Describe the solution you'd like
Provide a new API (_snapshot/{repository}/{snapshot}/_list/indices) to paginate snapshot indices status like we did in #14258. The new API works only for indexes belonging to a specific snapshot. Since the order of indices in SnapshotInfo is settled, we can simply use from + size to paginate. If the specified snapshot is running, then the paginating parameters will have no effect.
Related component
Storage:Snapshots
Describe alternatives you've considered
Using the snapshot thread pool to parallelize indices snapshot status fetching. But the snapshot thread pool might be blocked on long running tasks. Moreover, the maximum number of threads in the snapshot thread pool is only 5, so the speedup effect may be limited
Additional context
No response
Provide a new API (
_snapshot/{repository}/{snapshot}/_list/indices)
I believe #14258 introduced a new top-level _list API concept, like _list/indices and _list/shards/{index}. We'd probably want to follow the same pattern here with something like _list/snapshots/{repository}/{snapshot}/.
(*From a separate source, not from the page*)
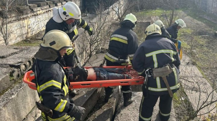 Рятувальники допомагають чоловікові, який упав в яму. ГУ ДСНС в Запорізькій області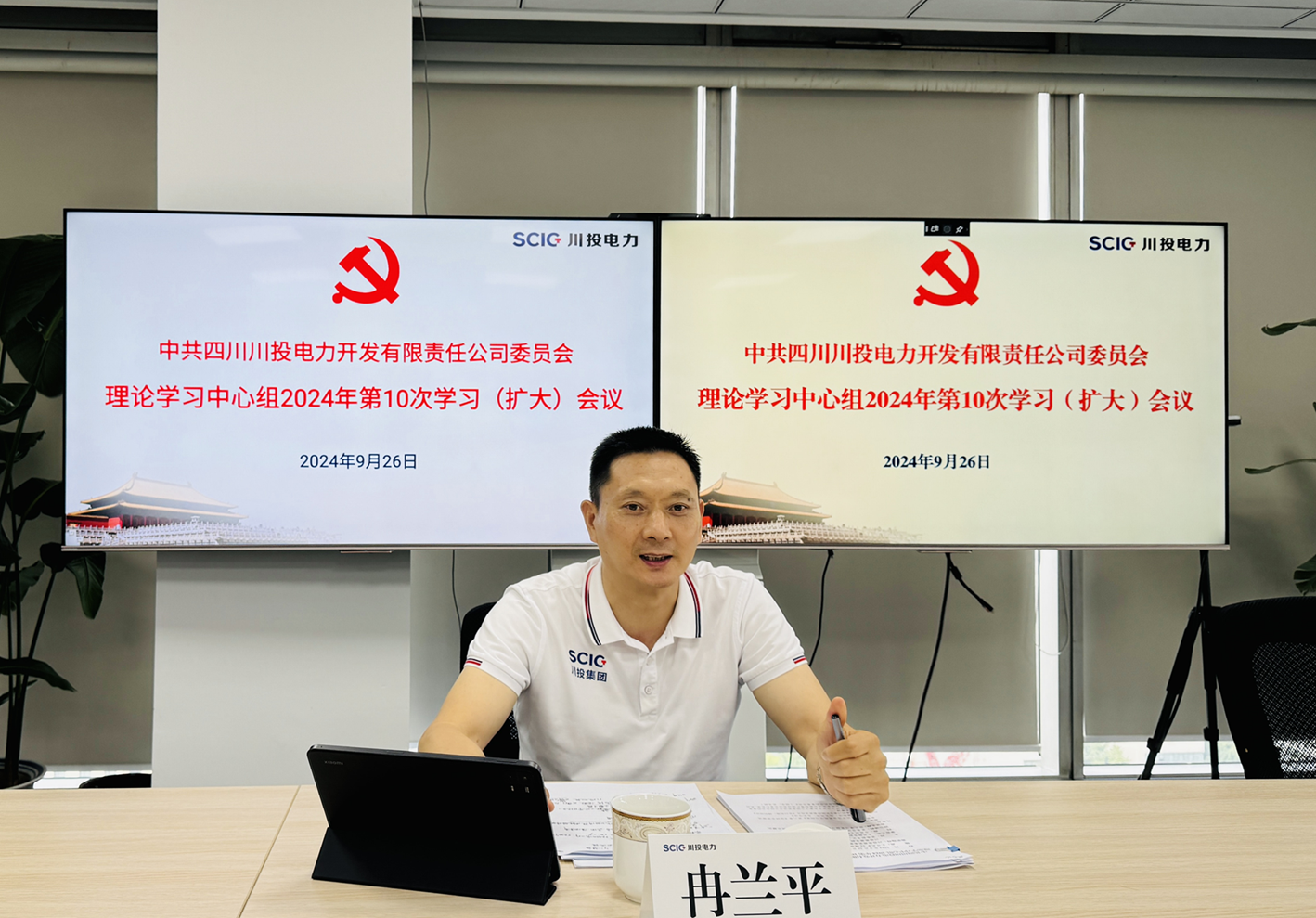 为进一步提高党委理论学习中心组学习的质量和水平,9月26日下午,川投能源党委副书记、工会主席冉兰平列席旁听川投电力党委理论学习中心组2024年第10次集体学习(扩大)会议。受川投电力党委书记、董事长杨涛委托,公司党委副书记、总经理蔡承德主持会议。

@andrross I was thinking of paging the indices section returned by the status API, and still returning the response in JSON format. The list API needs to return the response in CAT or JSON format, which doesn't seem like a good fit. I'm wondering if it's possible to have two APIs for paging, one for snapshot indices and one for snapshot shards.
The API for paging indices is _list/snapshot/{repository}/{snapshot}/indices, the response includes shard stats and snapshot file stats, and the default fields of response are as follows:
index: index nameshards.total: total number of shards included in the snapshot.shards.done: number of shards that initialized, started, and finalized successfullyshards.failed: number of shards that failed to be included in the snapshotfile_count: total number of files that are referenced by the snapshotsize_in_bytes: total size of files that are referenced by the snapshotstart_time_in_millis: time (in milliseconds) when snapshot creation begantime_in_millis: total time (in milliseconds) that the snapshot took to complete
The API for paging shards is _list/snapshot/{repository}/{snapshot}/shards, the response includes shards part of index objects, and the default fields of response are as follows:
index: index nameshard: the number of shardstage: the current state of shards in the snapshotfile_count: total number of files that are referenced by the snapshotsize_in_bytes: total size of files that are referenced by the snapshotstart_time_in_millis: time (in milliseconds) when snapshot creation begantime_in_millis: total time (in milliseconds) that the snapshot took to complete
What do you think?
@bugmakerrrrrr Adding two new _list APIs make sense to me. Seems like it would be better to create new APIs designed for pagination versus trying to shim it into existing APIs. I think this was the basic reason the top-level _list construct was created.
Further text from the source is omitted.